Suavecito Original Pomade is a water-based pomade that comes in a black labeled tub with ye olden font emblazoned across it. On the lid is a spooky skeleton guy in a t-shirt styling his giant pompadour. It comes in a 4 oz. and 32 oz tub. No 1 oz tub here but I don’t know anyone who buys 1 oz of pomade.
Suavecito Original is similar to Layrite Deluxe but don’t let the similarity dissuade you from getting this product. It has a few key differences that distinguish it from Layrite and give it a permanent spot on my shelf.
Inside is a translucent sarsaparilla (that’s rootbeer for you rapscallions) colored gel. The smell in the tub is a little like a cologne. It’s not too strong. You really need to get your nose in there for a good whiff. I didn’t notice any bubbles or crusting in it but the dark color could easily be hiding any non-conformity with it.
It comes out of the tub similarly to Layrite. A weird sort of tacky mountain builds up on your fingers. One of these days I’m going to try and see just how high of a mound of this stuff I can make before gravity topples it. I may need to do this outside as the ceilings only go so high around here.

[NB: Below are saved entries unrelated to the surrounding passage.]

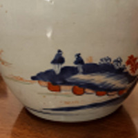 - Xarrón globular de colo corto, feito en porcelana, con tapadeira con pechadura en bronce. Policromado, representa unha paisaxe xaponesa en tons azuis e fondo branco.
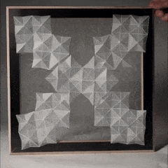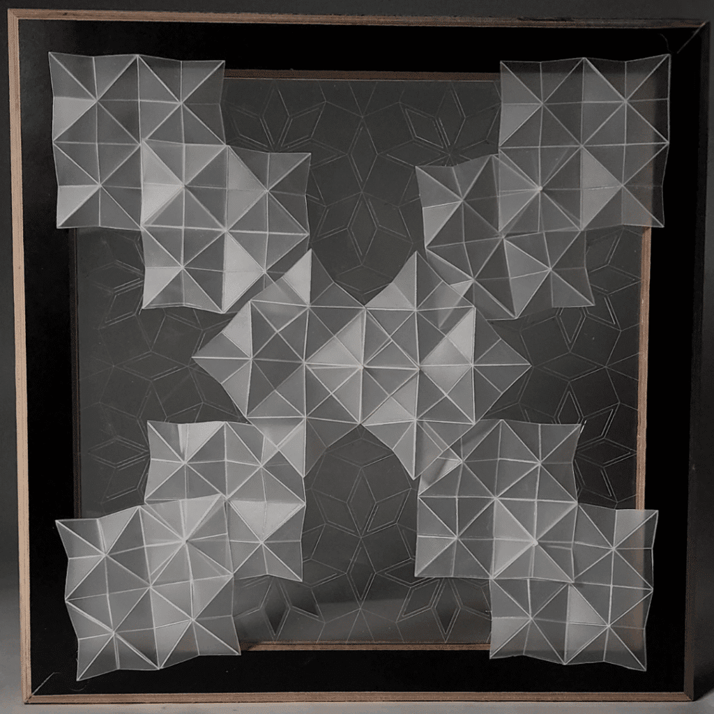 The design is derived from a triangular tessellation system generated through parametric modeling. Each module is laser-cut from translucent polypropylene and manually folded to produce a low-relief topography of peaks and valleys. These folded units are strategically arranged across the frame to form a centralized, symmetrical field, suggesting growth, aggregation, or crystalline emergence. The base acrylic layer features a subtle, laser-cut version of a different tessellated pattern, establishing a calm, two-dimensional base that anchors the raised modules.
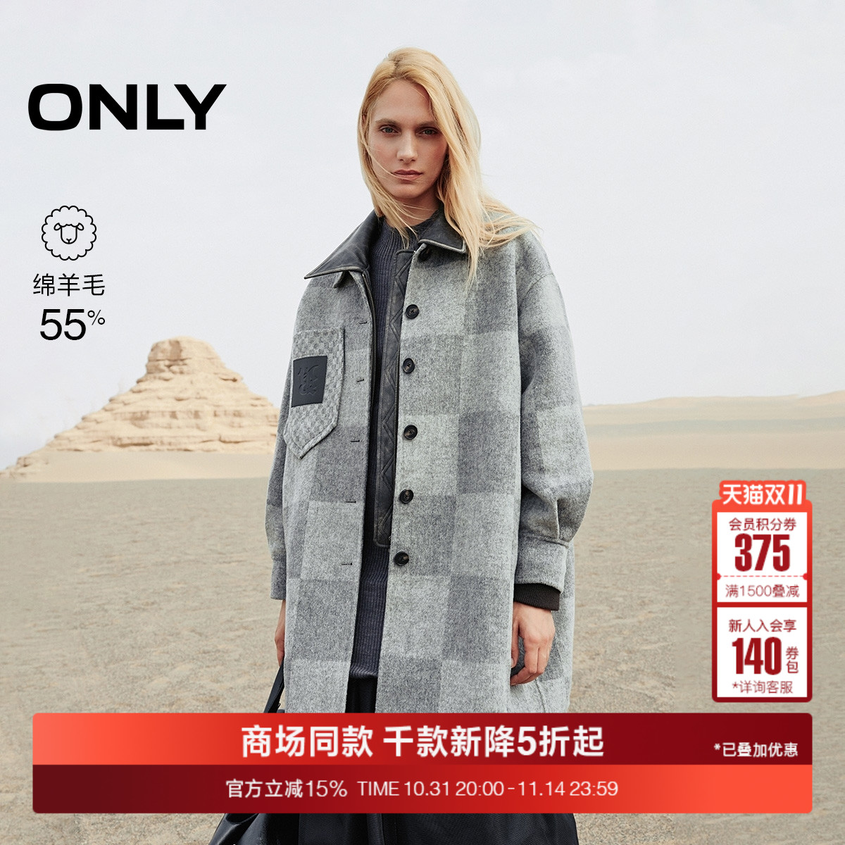 ONLY2025冬季新款宽松落肩棋盘格翻领休闲羊毛混纺廓形毛呢大衣女
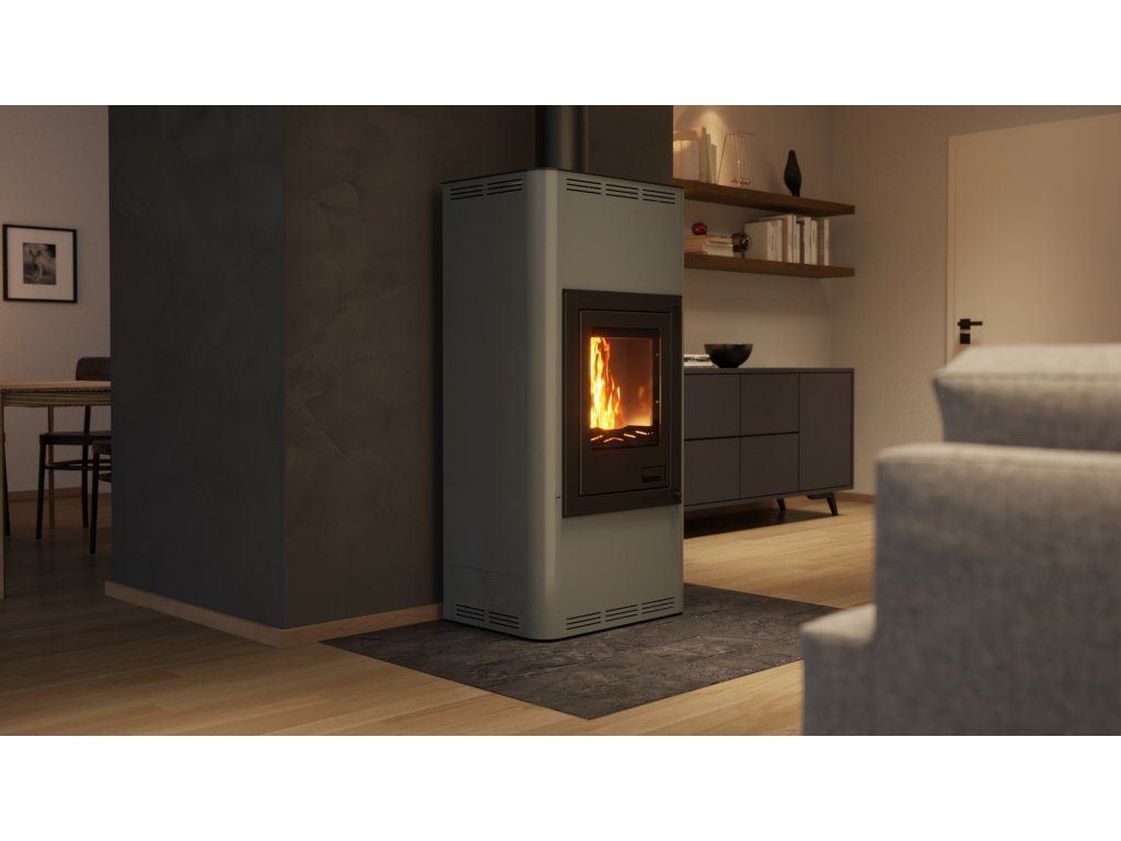 Krbová kamna Aquaflam 12 s výměníkem - šedá, základní regulace mají mnoho nadstandardních doplňků, čímž velmi výrazně předhání konkurenční výrobky. Inovativní prvky směřují především ke zlepšení obsluhy krbových kamen. Použitý materiál je pečlivě vybírán tak, aby dosahoval nejvyšší kvality. Pro bezpečnost zákazníka jsou krbová kamna vybavena standardně ochlazovací smyčkou a stále otevřeným terciálním vzduchem, který zabraňuje hromadění plynů ve spalovací komoře. Základní a automatická regulace navíc zavírá přívod vzduchu při přetopení. Krbová kamna AQUAFLAM dosáhly na nejpřísnější evropské normy jako jsou BImSchV – Stufe 2, 15a B-VG, DINplus, Flamme Verte.
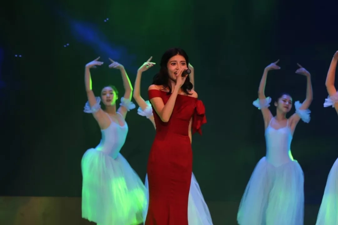 歌舞《春天的芭蕾》中,歌手游佳佳的美声唱法和广州大学音乐舞蹈学院学生舞团的芭蕾表演相得益彰,踏着音乐的节拍,舞蹈演员翩翩起舞,步履轻盈。

Rubbing it between your palms kickstarts the scent. It’s pretty nice. Like I said before, it’s a nice cologne scent but not as strong of a scent as Layrite. When I’m sporting Suavecito I occasionally get a whiff of the scent but mostly I don’t know it’s there. The scent is one of the key differences between it and Layrite. Suavecito seems like a more “serious” scent. You could wear it to a business meeting, you could wear it to the club. Layrite’s vanilla is more of a fun scent.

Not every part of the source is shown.